### Your goal
Restate the lines word for word, from the first line of the records through the line containing "- Completely cinches". Leave out the pictures and anything after that line.

======== Supplied entries ========

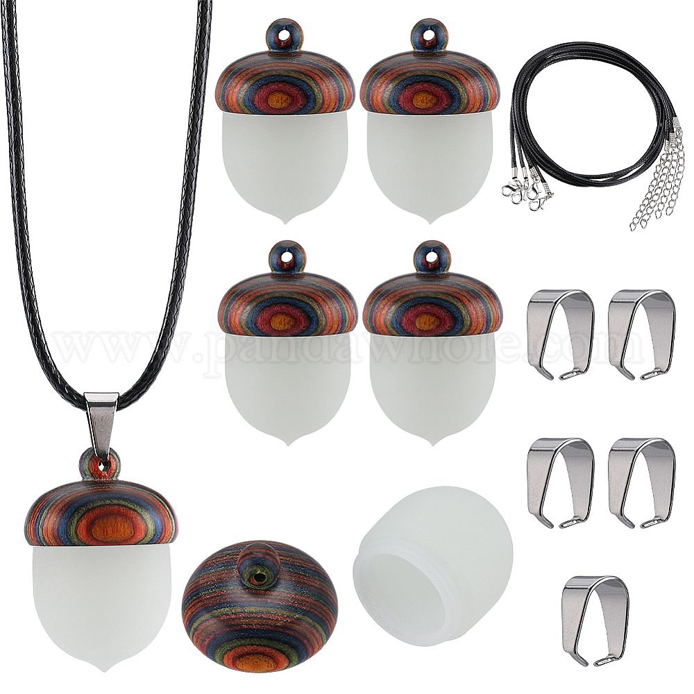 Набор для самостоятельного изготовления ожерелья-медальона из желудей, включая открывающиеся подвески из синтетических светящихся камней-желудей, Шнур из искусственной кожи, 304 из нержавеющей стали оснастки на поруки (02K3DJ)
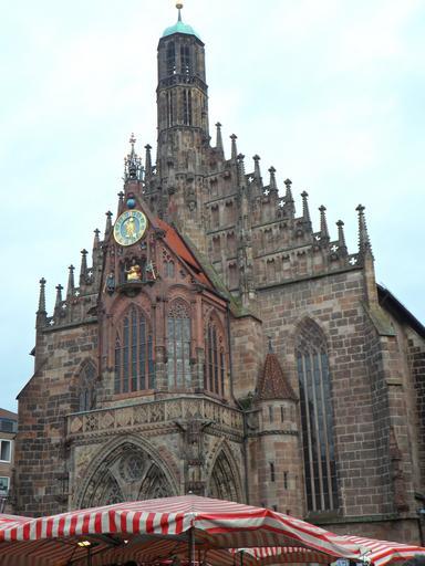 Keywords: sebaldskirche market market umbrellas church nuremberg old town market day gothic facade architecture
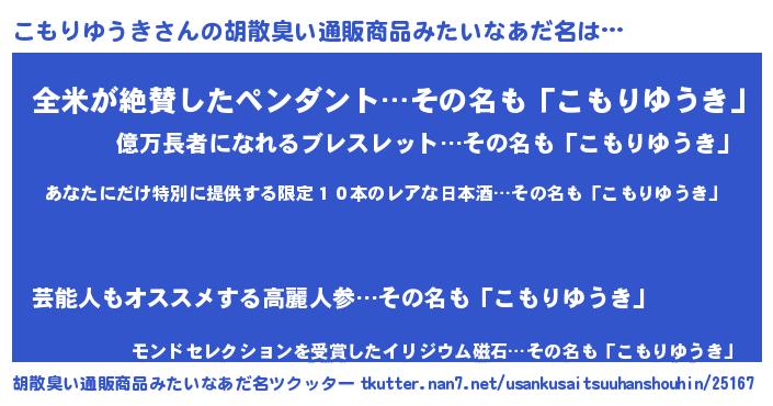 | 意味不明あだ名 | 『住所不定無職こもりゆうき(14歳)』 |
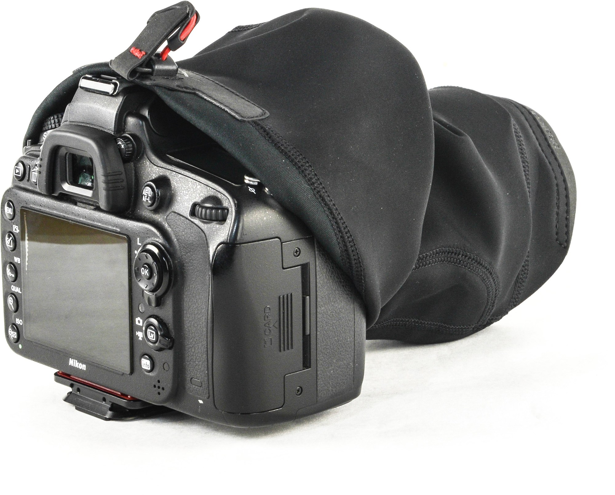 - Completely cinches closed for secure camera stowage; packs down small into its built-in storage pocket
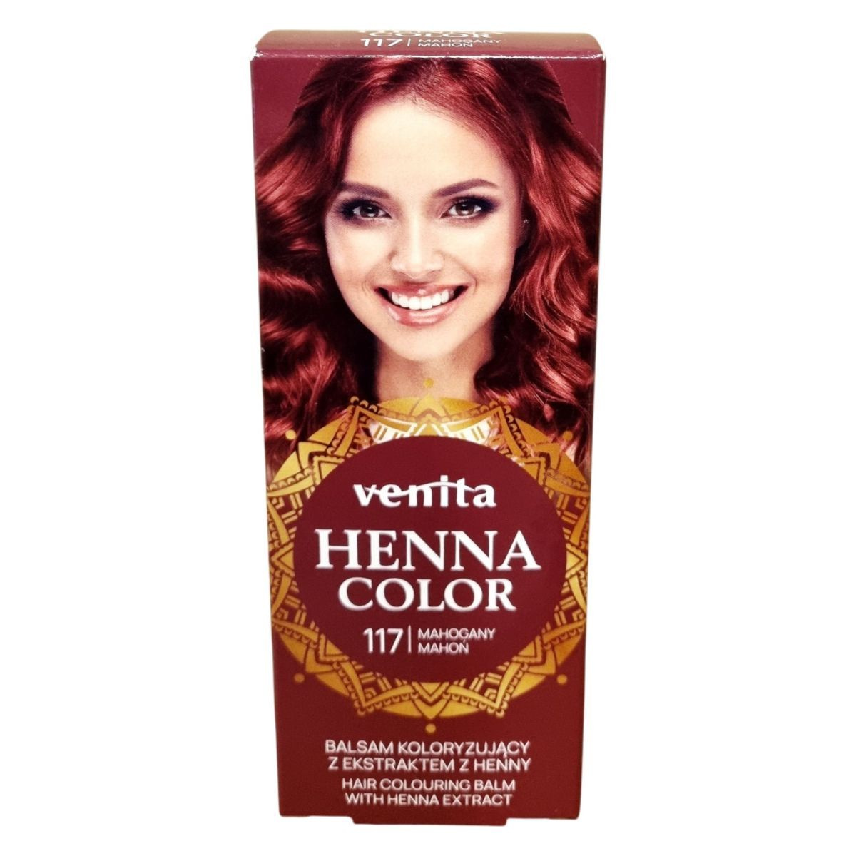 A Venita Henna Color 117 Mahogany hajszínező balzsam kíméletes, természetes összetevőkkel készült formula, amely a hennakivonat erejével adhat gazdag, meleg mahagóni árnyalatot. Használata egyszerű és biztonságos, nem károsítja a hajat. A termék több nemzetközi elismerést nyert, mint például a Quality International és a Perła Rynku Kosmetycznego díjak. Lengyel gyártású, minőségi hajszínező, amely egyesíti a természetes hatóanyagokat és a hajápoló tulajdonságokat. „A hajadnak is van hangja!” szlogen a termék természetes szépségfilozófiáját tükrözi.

========

### Finished exercise
 Набор для самостоятельного изготовления ожерелья-медальона из желудей, включая открывающиеся подвески из синтетических светящихся камней-желудей, Шнур из искусственной кожи, 304 из нержавеющей стали оснастки на поруки (02K3DJ)
 Keywords: sebaldskirche market market umbrellas church nuremberg old town market day gothic facade architecture
 | 意味不明あだ名 | 『住所不定無職こもりゆうき(14歳)』 |
 - Completely cinches closed for secure camera stowage; packs down small into its built-in storage pocket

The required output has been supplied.